Conversely, in Illinois, the common law tort of unfair competition encompasses a "broad spectrum of law" and it is difficult to determine exactly what elements are required in order to prove such a claim. Integrated Genomics, Inc. v. Kyrpide, No. 06 C 6706, 2008 WL 630605, *13 (N.D. Ill 2008); see also Zenith Elecs. Corp., 1997 WL 798907 at *14 (observing that "the common law tort of unfair competition encompasses a 'broad spectrum of law'" and noting that the "court has not found an Illinois case which definitively sets forth the elements of a common law unfair competition claim for all factual scenarios."). "Stating a claim for unfair competition under Illinois common law is not a simple task because the Illinois courts have not specifically enumerated the requisite elements." BlueStar Mgmt. v. The Annex Club, LLC, 2010 WL 2802213, *9 (N.D. Ill. 2010) (citing Custom Bus. Sys., Inc. v. Boise Cascade Corp., 68 Ill. App. 3d 50, 52, 385 N.E. 2d 942, 944, 24 Ill. Dec. 801 (Ill. App. Ct. 1979)). Indeed, the Seventh Circuit has stated that "the law of unfair competition... is elusive; its elements escape definition." Wilson v. Electro Marine, 915 F.2d 1110, 1118 (7th Cir. 1990). While some courts have analyzed Illinois common law unfair competition claims under the "rubric" of a tortious interference with prospective business expectancy claim, see Zenith Electronics Corp., 1997 WL 798907 at *14, others have noted that "Illinois courts have... recognized that the Uniform Deceptive Trade Practices Act ("UDTPA") has codified most aspects of the common law tort of unfair competition." BlueStar, 2010 WL 2802213 at *9 (citing Custom Bus. Sys., 68 Ill. App. 3d at 52-53, 24 Ill. Dec. 801, 385 N.E. 2d 942); see also McGraw-Edison Co. v. Walt Disney Productions, 787 F.2d 1163, 1174 (7th Cir. 1986) (noting that the court need not address plaintiff's claim "that the defendants had engaged in unfair competition in violation of Illinois common law" because the "Illinois Deceptive Trade Practices Act is merely a codification of the Illinois common law of unfair competition.") (internal citations omitted).

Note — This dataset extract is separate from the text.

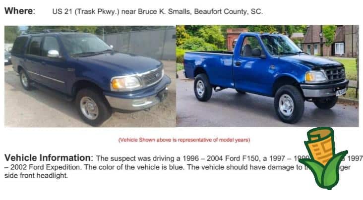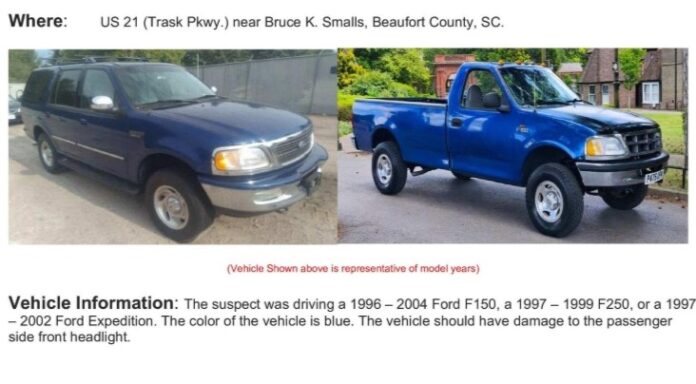 Authorities are searching for a blue 1996–2004 Ford F150, a 1997–1999 Ford F250, or a 1997–2002 Ford Expedition, which is believed to have damage to the passenger-side front headlight. The vehicle was last seen in the area of US 21 (Trask Parkway), near Bruce K. Smalls in Beaufort County.

By pleading a broad claim for common law unfair competition that is without defined elements under Illinois law, LG left open various ways in which it could characterize its claim. This case has been pending for more than two and a half years, and LG waited until the eve of the complex trial in this case to disclose to Whirlpool its intent to pursue a common law claim for tortious interference with prospective business expectancy. Such a claim is well-grounded in Illinois law and has distinct elements, and LG has presented no explanation for its delay in informing Whirlpool and the Court of its intention to pursue such a claim. Whirlpool did not have the benefit of discovery with regard to a tortious interference with business expectancy claim, nor did it have the opportunity to plan its pre-trial strategy based on this claim. Accordingly, permitting LG to pursue its claim at this late stage in the litigation would be highly prejudicial to Whirlpool. The Court therefore grants Whirlpool's motion.